BackgroundMajor trauma is associated with high incidence of septic complications and multiple organ dysfunction (MOD), which markedly influence the outcome of injured patients. Early identification of patients at risk of developing posttraumatic complications is crucial to provide early treatment and improve outcomes. We sought to evaluate the prognostic value of serum procalcitonin (PCT) levels after trauma as related to severity of injury, sepsis, organ dysfunction, and mortality.MethodsWe searched PubMed, MEDLINE, EMBASE, the Cochrane Database, and references of included articles. Two investigators independently identified eligible studies and extracted data. We included original studies that assessed the prognostic value of serum PCT levels in predicting severity of injury, sepsis, organ dysfunction, and mortality among critically injured adult patients.ResultsAmong 2015 citations, 19 studies (17 prospective; 2 retrospective) met inclusion criteria. Methodological quality of included studies was moderate. All studies showed a strong correlation between initial PCT levels and Injury Severity Score (ISS). Twelve out of 16 studies demonstrated significant elevation of initial PCT levels in patients who later developed sepsis after trauma.

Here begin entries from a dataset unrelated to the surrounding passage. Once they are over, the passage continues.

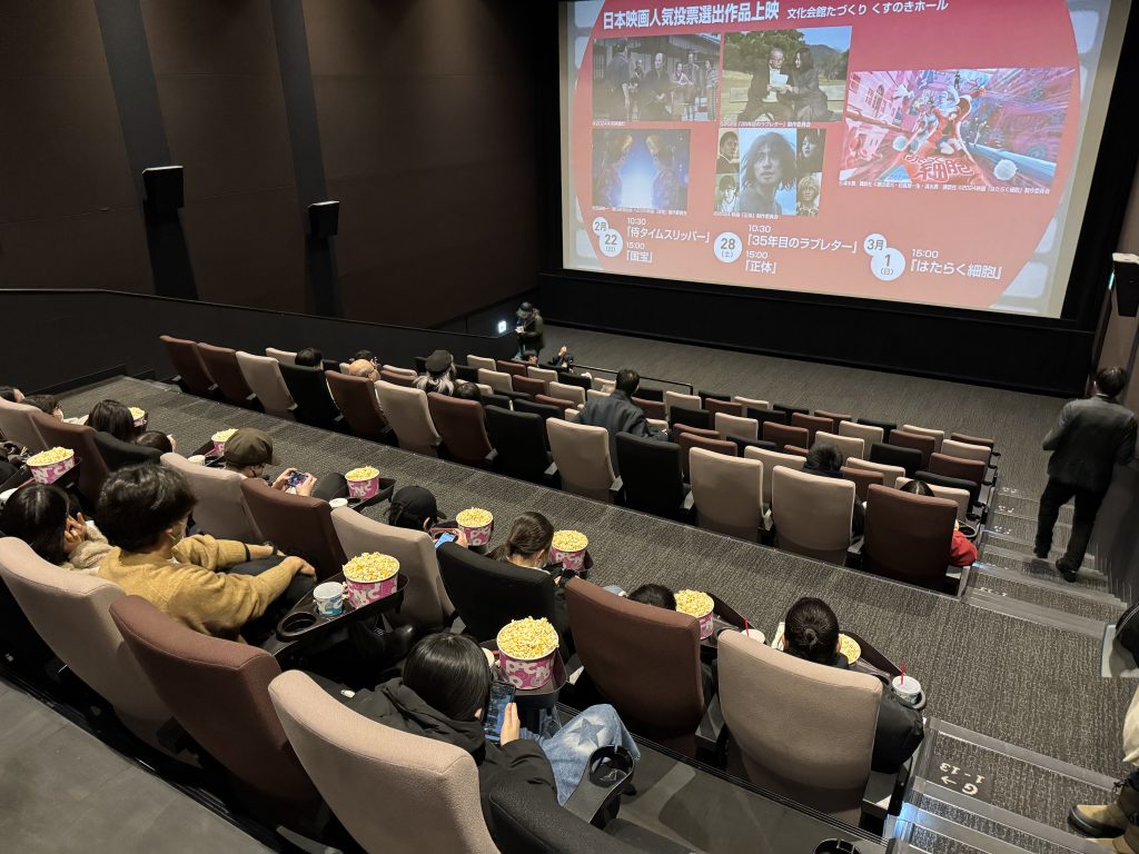 小雪が舞う2/8(日)、今か今かとワクワクした様子で頬を赤くして子どもたちが集まってきました。イオンシネマ シアタス調布の羽藤支配人からポップコーンとジュースを受け取り、SCREEN1 へ向かいます。シアタス調布に来館するのが初めての子どももいて、自分の席を探して、見つけた時は、嬉しそうに着席していました。
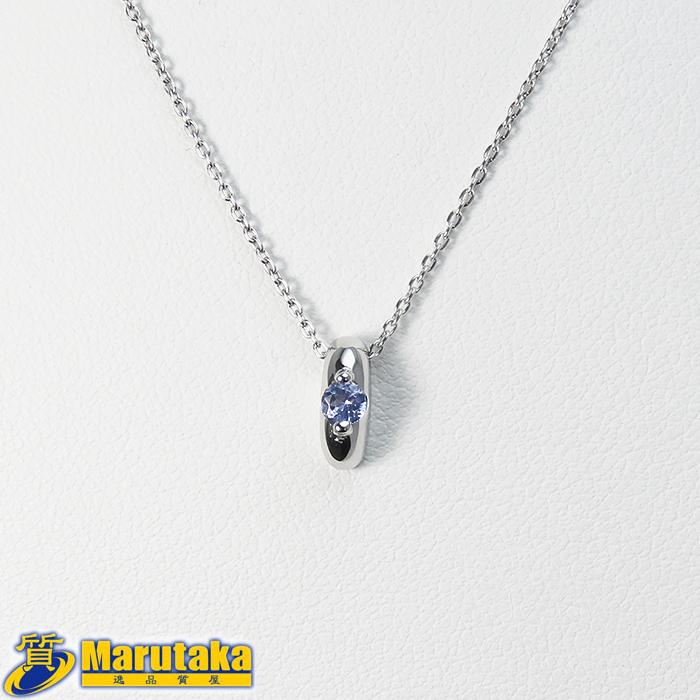 > 【K18WG タンザナイト ネックレス】ソーティング付 レディース ジュエリー 18金ホワイトゴールド プチネックレス 中古 19k225-37
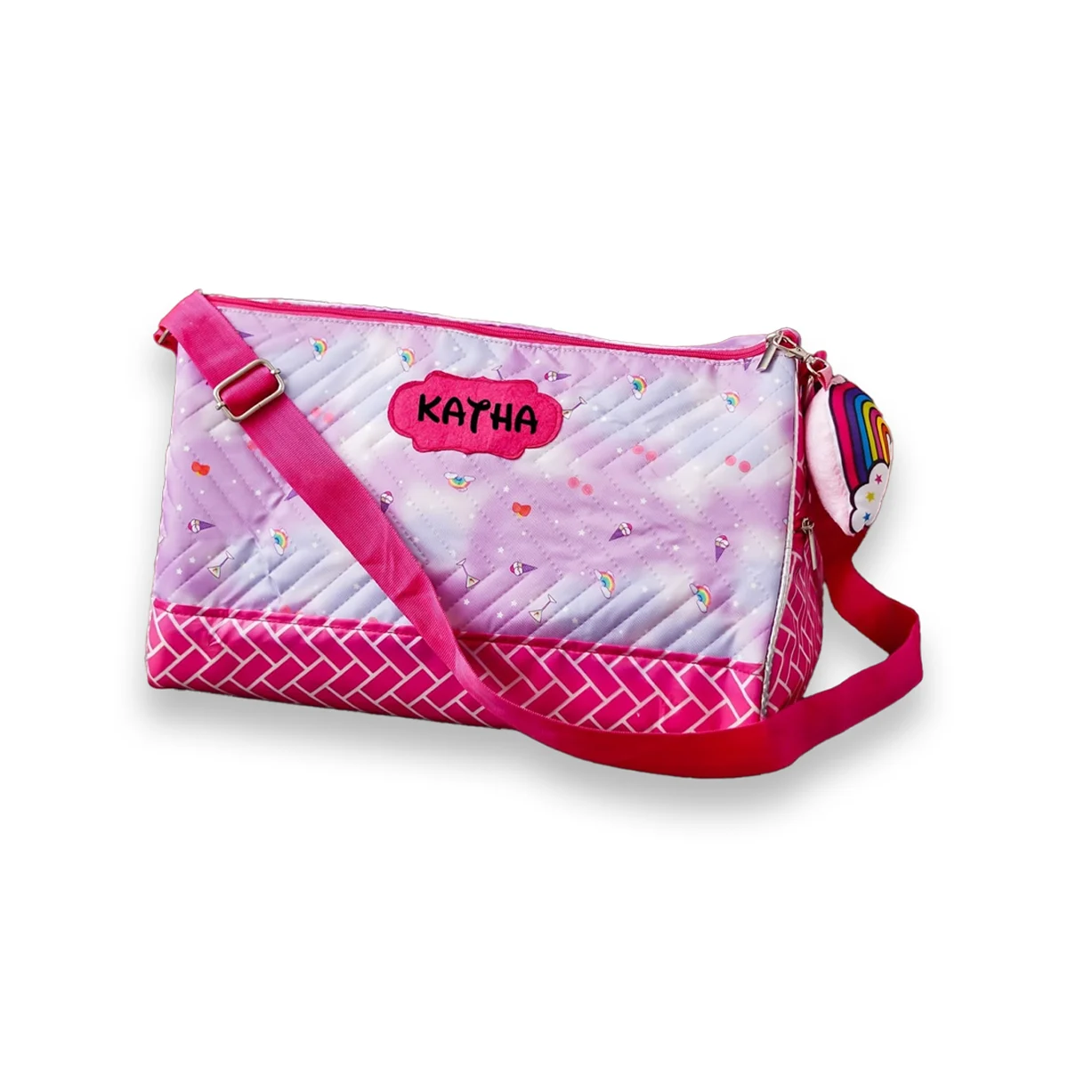 A premium personalised duffle bag designed for travel, sports, and activity classes. Features 2 side zipper pockets, printed inner lining, adjustable sling belt, and a matching toy keychain — making it both stylish and practical.
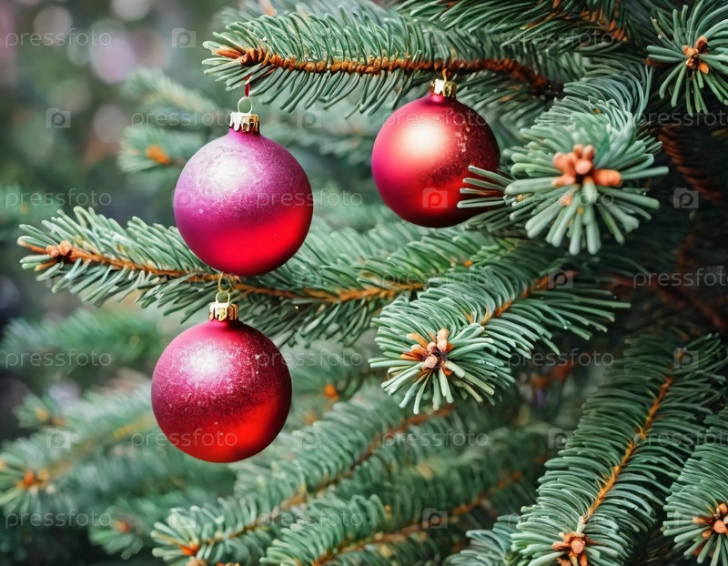 Красочные рождественские украшения украшают ветви елки, яркие шары в оттенках красного и розового, олицетворяющие праздничное настроение зимой. С Новым годом искусство боке фон. Генеративный ИИ
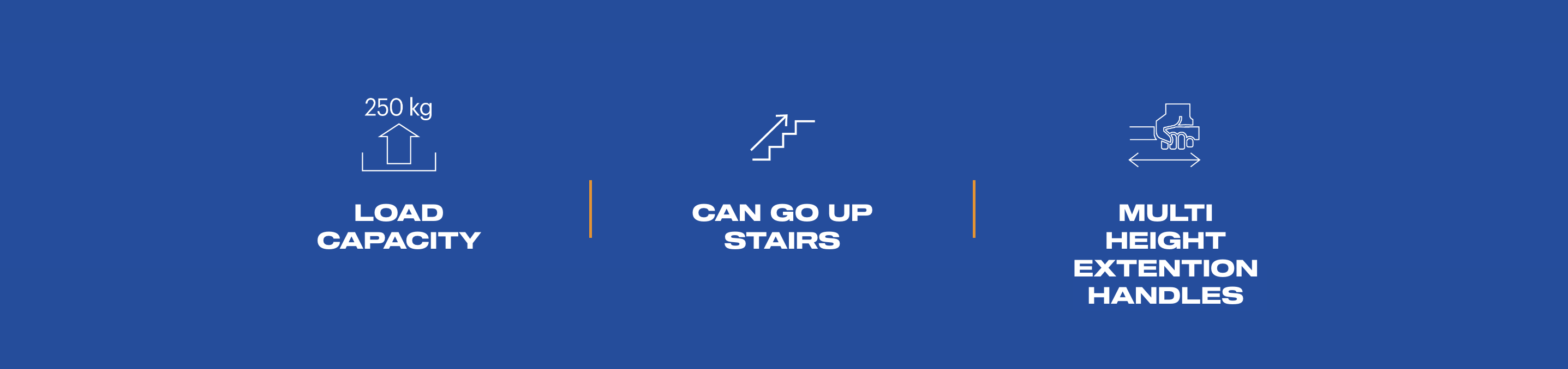 Multi-høyde forlengelseshåndtak gir forbedret grep under trappenedstigning.
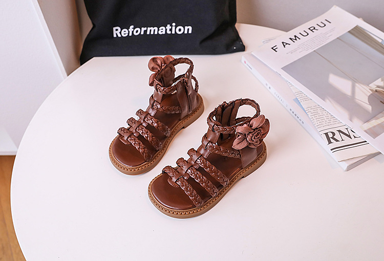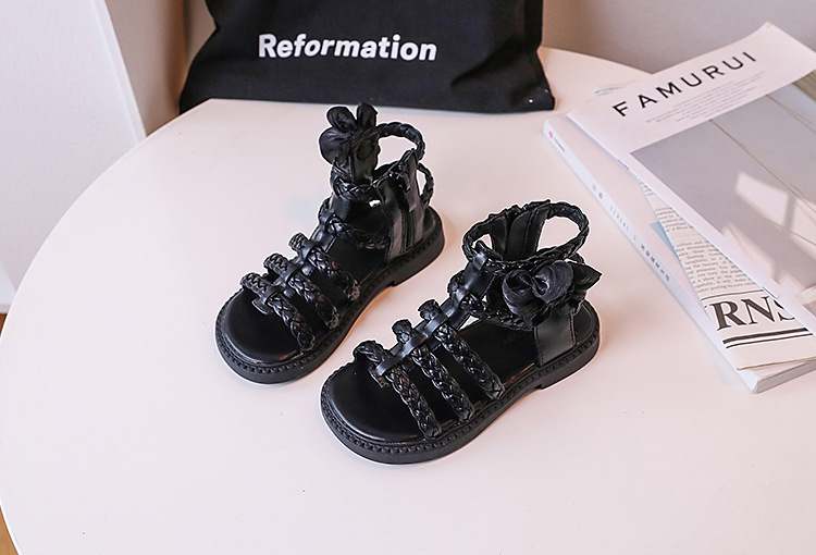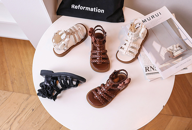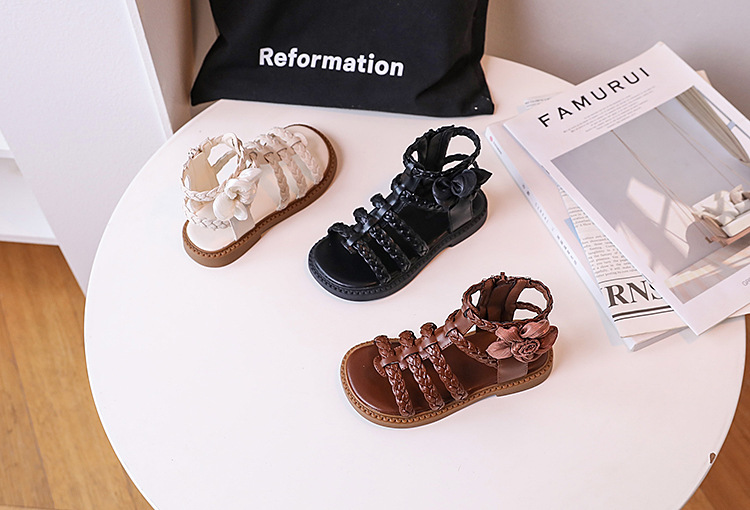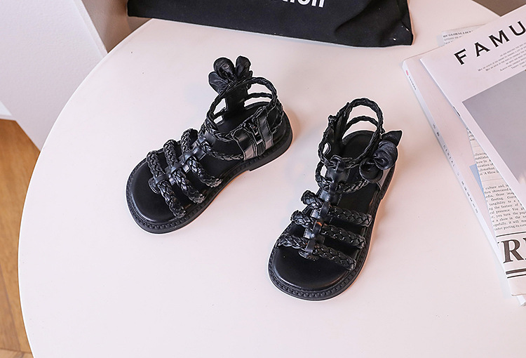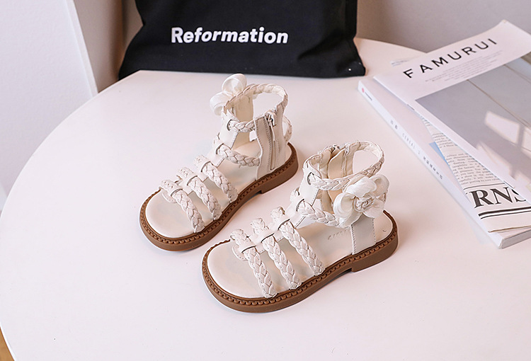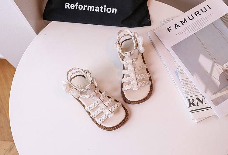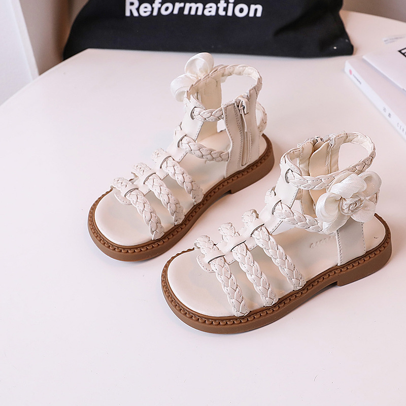 여자 오픈 발가락 샌들 2024 여름 새 소녀의 로마 신발 어린이 스타일 공주 신발 여름 비치 신발 트렌디
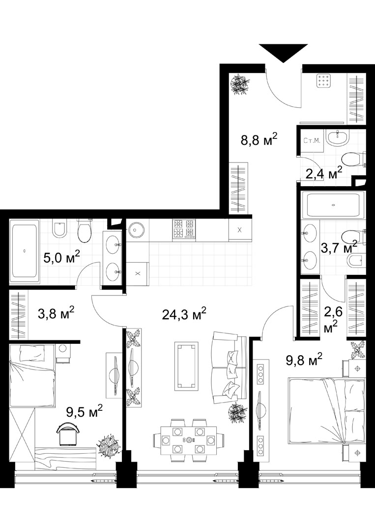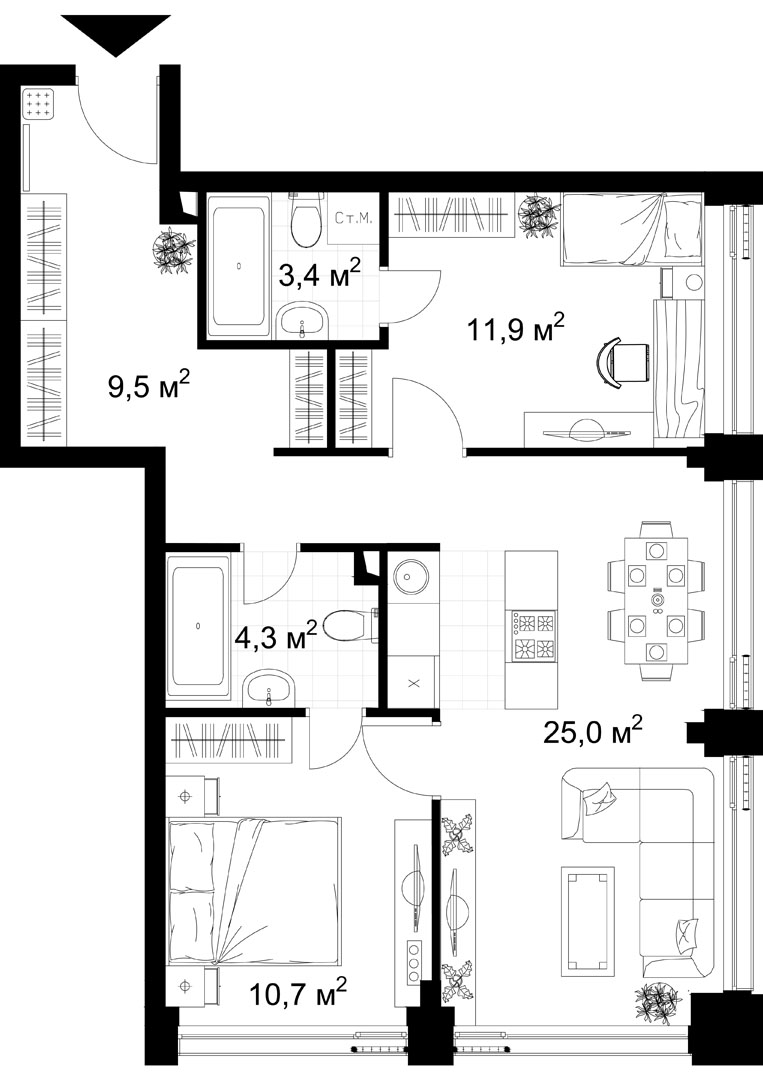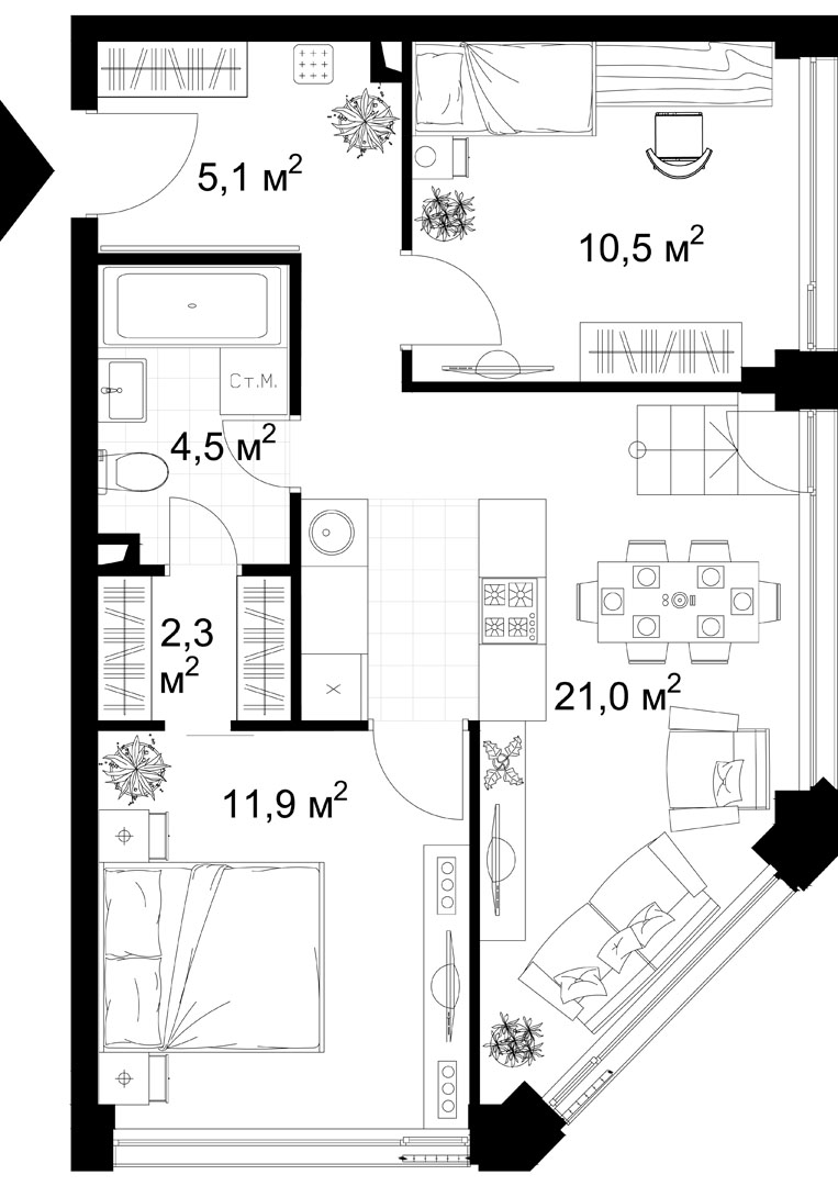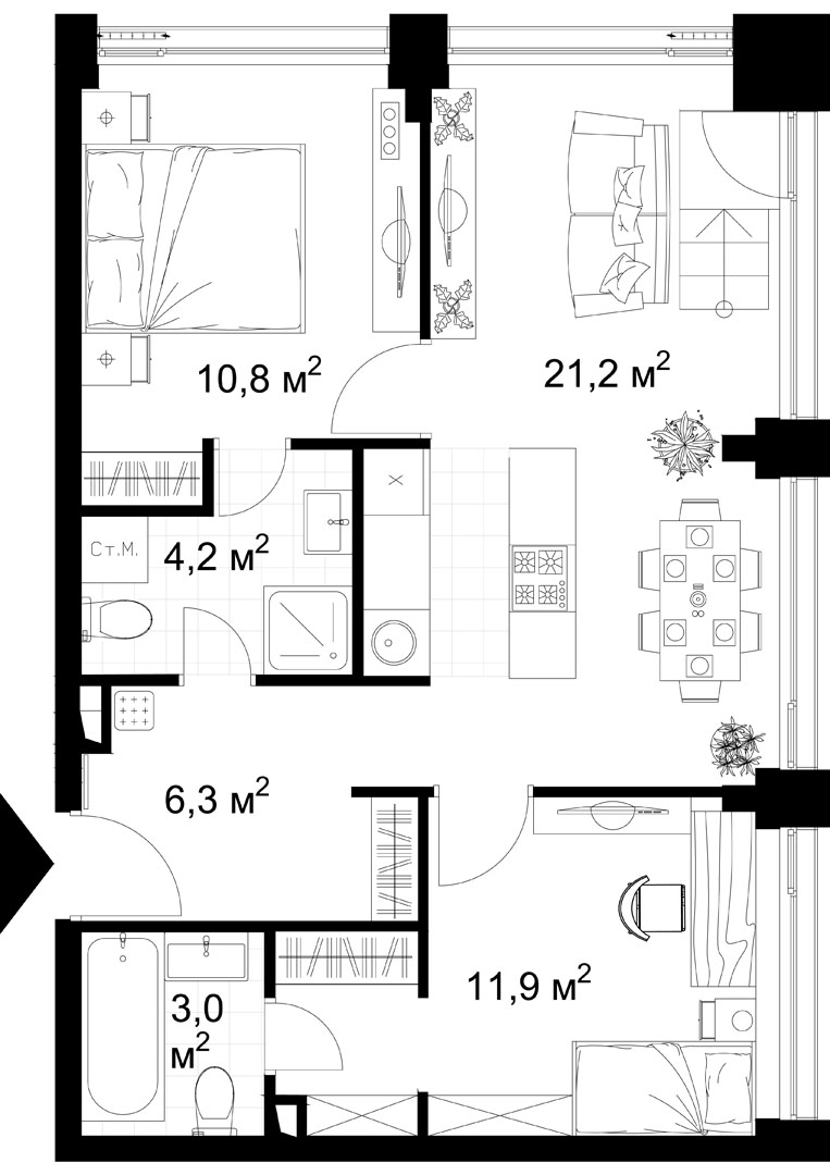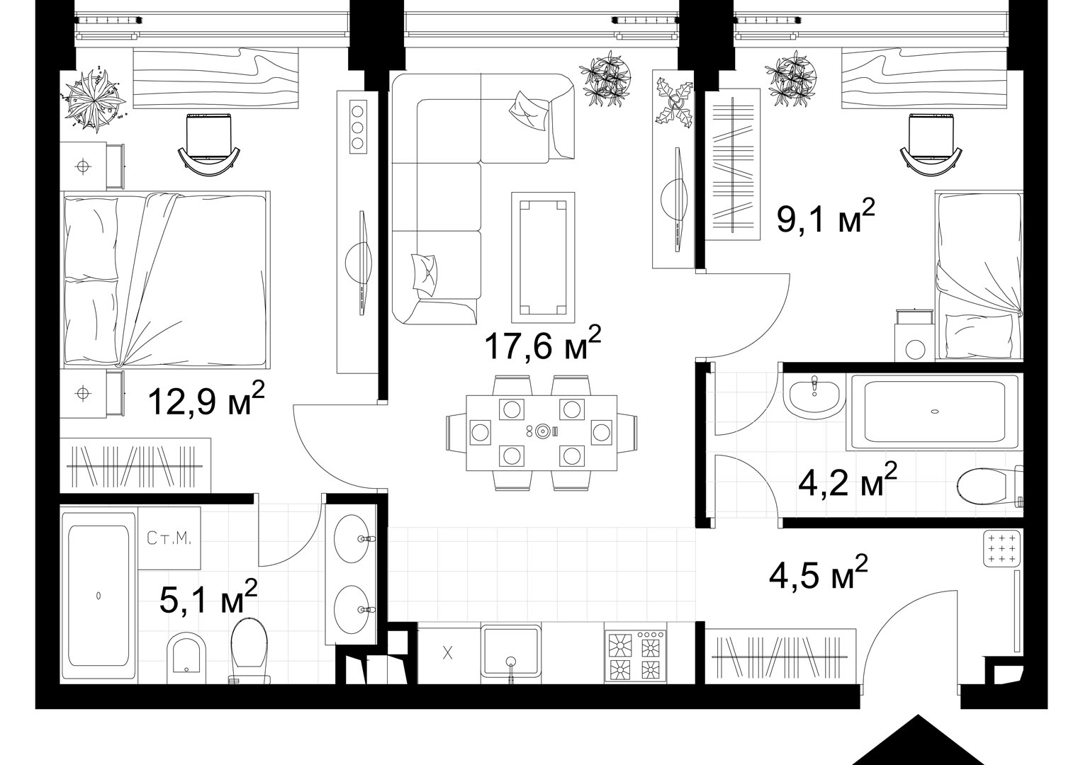 Двухкомнатные квартиры в ЖК «KAZAKOV Grand Loft (Казакова, 7)»

PCT level appeared a strong predictor of MOD in seven out of nine studies. While two studies did not show association between PCT levels and mortality, four studies demonstrated significant elevation of PCT levels in non-survivors versus survivors. One study reported that the PCT level of ≥ 5 ng/mL was associated with significantly increased mortality (OR 3.65; 95% CI 1.03–12.9; p = 0.04).ConclusionPCT appears promising as a surrogate biomarker for trauma. Initial peak PCT level may be used as an early predictor of sepsis, MOD, and mortality in trauma population.

中文翻译:

重伤患者血清降钙素原测量的预后价值:系统评价

背景重大创伤与脓毒症并发症和多器官功能障碍(MOD)的高发生率相关,这显着影响受伤患者的预后。早期识别有发生创伤后并发症风险的患者对于提供早期治疗和改善结果至关重要。我们试图评估与损伤严重程度、败血症、器官功能障碍和死亡率相关的创伤后血清降钙素原 (PCT) 水平的预后价值。方法我们搜索了 PubMed、MEDLINE、EMBASE、Cochrane 数据库和纳入文章的参考资料。两名研究人员独立确定符合条件的研究并提取数据。我们纳入了评估血清 PCT 水平在预测损伤、败血症、器官功能障碍、重伤成人患者的死亡率和死亡率。结果在 2015 年的引文中,19 项研究(17 项前瞻性;2 项回顾性)符合纳入标准。纳入研究的方法学质量中等。所有研究都显示初始 PCT 水平与损伤严重程度评分 (ISS) 之间存在很强的相关性。16 项研究中有 12 项表明,在创伤后后来发展为败血症的患者中,初始 PCT 水平显着升高。在九项研究中的七项中,PCT 水平似乎是 MOD 的强预测因子。虽然两项研究未显示 PCT 水平与死亡率之间存在关联,但四项研究表明非幸存者与幸存者的 PCT 水平显着升高。一项研究报告,PCT 水平≥ 5 ng/mL 与死亡率显着增加相关(OR 3.65;95% CI 1.03–12.9;p = 0.04)。结论 PCT 有望成为创伤的替代生物标志物。初始峰值 PCT 水平可用作创伤人群中败血症、MOD 和死亡率的早期预测指标。